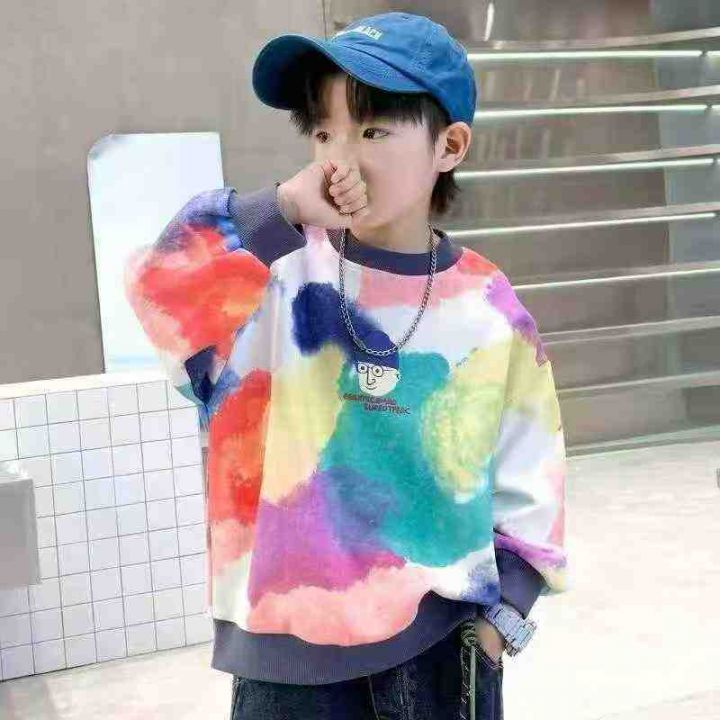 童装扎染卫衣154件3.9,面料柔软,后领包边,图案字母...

* * *

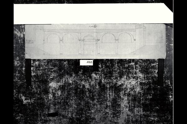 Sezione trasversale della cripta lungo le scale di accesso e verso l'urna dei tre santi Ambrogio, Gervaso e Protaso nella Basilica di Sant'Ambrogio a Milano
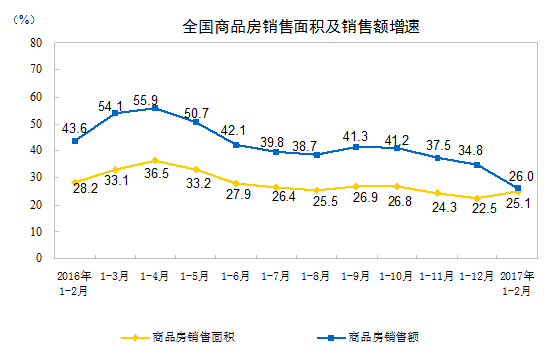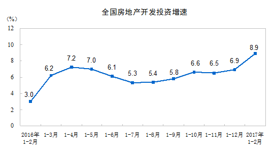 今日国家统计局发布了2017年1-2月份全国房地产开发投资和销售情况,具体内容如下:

**WHAT IS EXPECTED**. Only the lines above starting with the line with "Sezione trasversale della" and going on through the line with "今日国家统计局发布了2017" belong in the answer; repeat them exactly, minus any picture.

**RESPONSE FOR THIS EXERCISE**.
 Sezione trasversale della cripta lungo le scale di accesso e verso l'urna dei tre santi Ambrogio, Gervaso e Protaso nella Basilica di Sant'Ambrogio a Milano
 今日国家统计局发布了2017年1-2月份全国房地产开发投资和销售情况,具体内容如下:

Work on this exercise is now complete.